An exact repeat is needed of the lines from the one with "The Dark Side" through the last line of the data below. Please omit the pictures.

=== COLLECTED MATERIAL ===
⟨

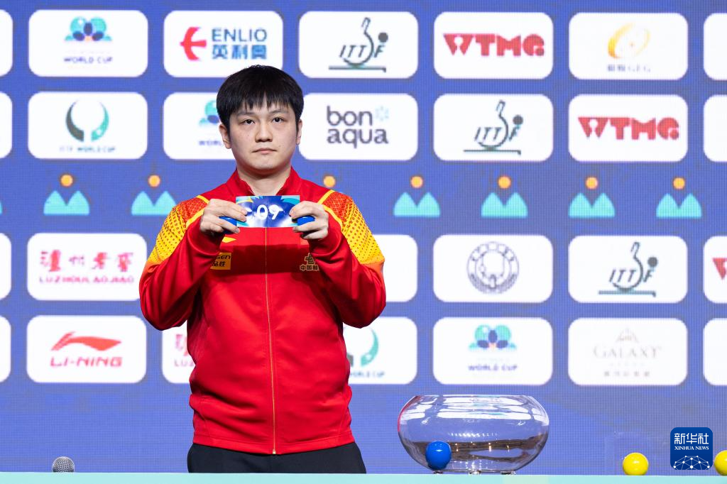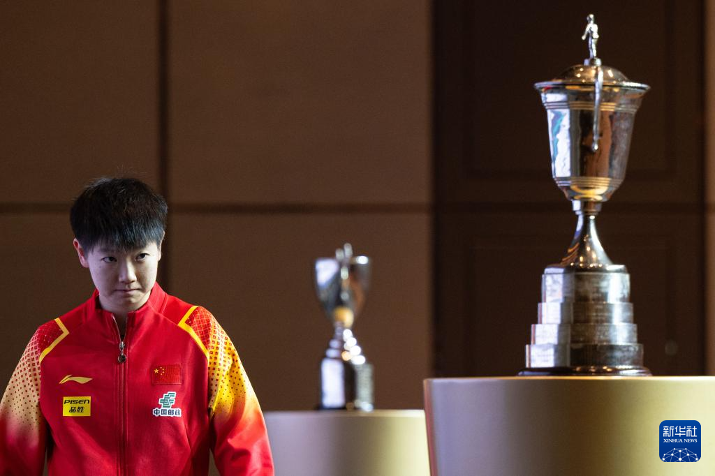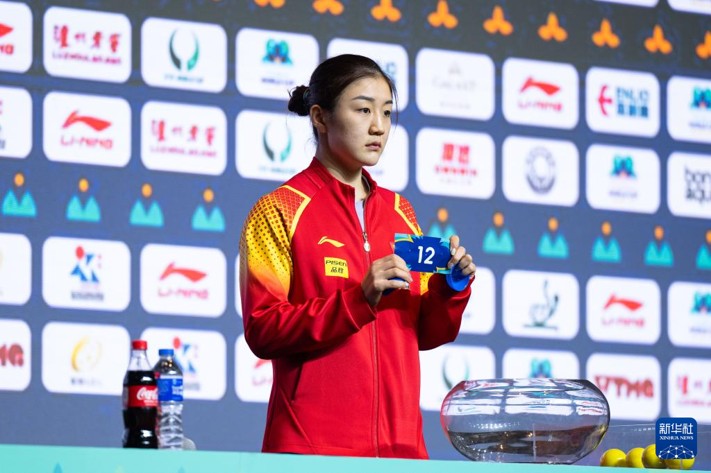 4月14日,中国选手孙颖莎在抽签仪式上。新华社记者 张金加 摄
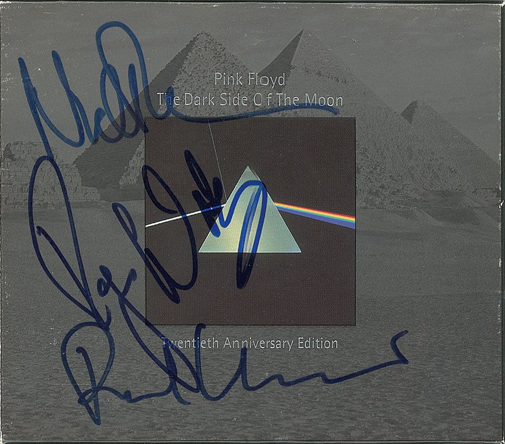 The Dark Side of the Moon 20th Anniversary edition CD signed on the front cover in blue felt tip by Roger Waters, Nick Mason, and Richard Wright. In fine condition. The CD is not included. Accompanied by a letter of authenticity from James Spence.
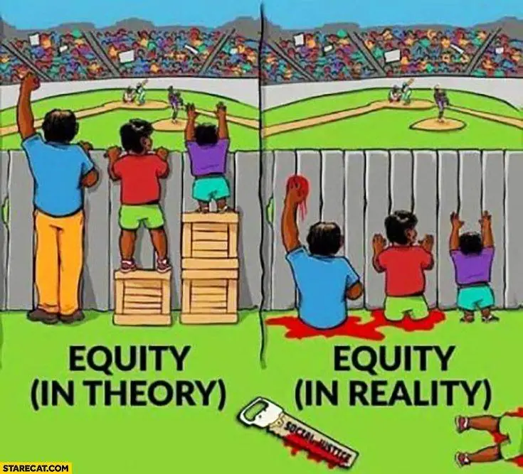 Equity puts sameness of outcome ahead of excellence, performance and success because equity is based on a lie that can only be achieved through social engineering.

⟩

=== RESULT FOR THIS EXERCISE ===
 The Dark Side of the Moon 20th Anniversary edition CD signed on the front cover in blue felt tip by Roger Waters, Nick Mason, and Richard Wright. In fine condition. The CD is not included. Accompanied by a letter of authenticity from James Spence.
 Equity puts sameness of outcome ahead of excellence, performance and success because equity is based on a lie that can only be achieved through social engineering.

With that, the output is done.